Море появилось неожиданно. Машины встали на обочину дороги. Мы выпрыгнули из них, разминая затёкшие в долгой поездке ноги. Оказалось, что это непросто остановка на привал, здесь мы дожидаемся приезда родной сестры матери Эльзы – Агны, её мужа и сына. Тётя Агна договорилась для всех нас о домике в рыбацком посёлке, в десяти шагах от моря. Они приехали к обеду, за это время мы успели накупаться и даже обгореть. Мой нос был такой жуткой красноты, что казалось, будто между глаз зажглась лампочка. Как потом выяснилось, муж тёти Агны демобилизовался, и перед тем, как поехать на постоянное место жительства в Сартов, они решили побывать с родственниками на море. Эльза ринулась к машине и буквально вытянула из неё мальчишку – юношу. Она тащила его за руку и при этом кричала:
– Смотрите, смотрите, какой у меня брат! Пусть теперь кто-нибудь в школе попробует отпустить в мой адрес насмешку: Алька ему нос разобьёт! У Альки чёрный пояс по карате.
Олег осторожно высвободил руку и снисходительно поправил сестру:
– Зелёный пояс…
Я в это время пряталась за спину своего широкоплечего папы и пребывала в состоянии унылого ужаса. Ужаса потому что никак не ожидала, что в нашей компании появится мальчишка, чуть старше меня, а унылого, потому что мне стыдно было за свой красный нос. Алька поздоровался со всеми отдельно. Меня он просто выудил из-за папиной спины, уцепив за руку.
– Зачем прячешься? Подумаешь обгоревший нос! Дай угадаю, как тебя зовут. Тебя зовут… Бемби!
– Нет… – промямлила я и покраснела вся, до пяток.
– Тебя зовут Бемби! Какие потрясающие глаза. Они похожи на море, и, если приглядеться, – Алька очень близко придвинул к моему лицу своё и изучающе всмотрелся в глаза, – можно увидеть, как играют солнечные зайчики на спинках дельфинов.
Это была та самая минута… Минута, когда жизнь моя вспорхнула, как испуганная холодом птица и понеслась в тёплые края, греться на солнышке. А я ничего не могла и не хотела с этим делать.

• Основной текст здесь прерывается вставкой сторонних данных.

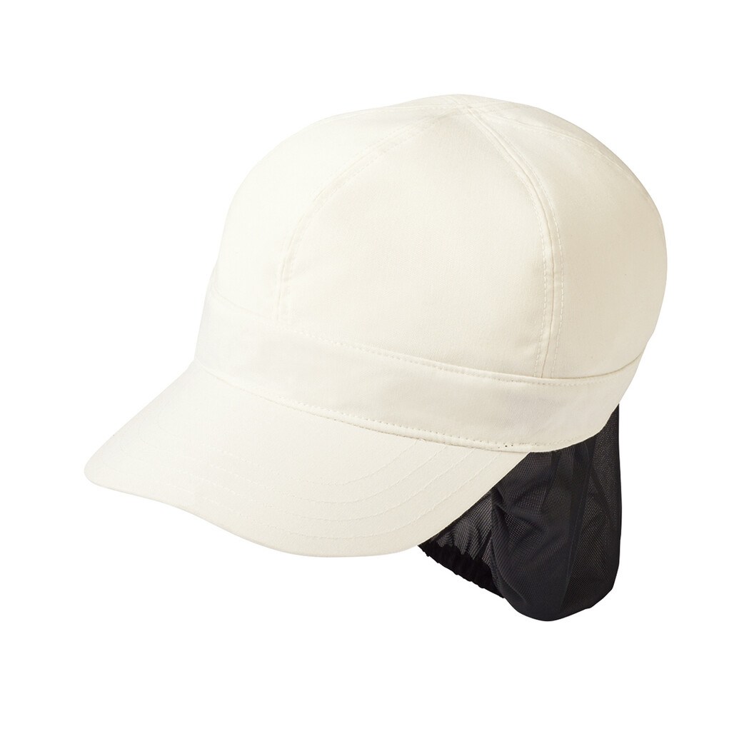 毛髪、体毛落下防止ネット付き帽子、HACCP支援アイテムです。年齢を問わず着用しやすいキャップデザインで、後ろにはゴムが入っていて3cm伸びます。オフホワイト、ネイビーの2色展開で幅広いシーンで着用していただけます。

Ко времени нашего знакомства Алька уже был мужчиной. У него имелся опыт общения с женщинами и своё представление о них. Но, главное: эти женщины убедили его, что среди подобных себе он – ЛЕВ. Как водится, лев не знает отказа, и Алька за неимением в рыбацком посёлке девчонок-одногодок, занялся мной. Эльза выходила из себя, она топала ногами, бросала обидные слова и уверяла, что для её красавца-брата я – «ноль» и все его ухаживания от скуки. Я слушала, но не слышала. Я ждала любовь, мне было всё равно, на какие колючки предстоит наткнуться.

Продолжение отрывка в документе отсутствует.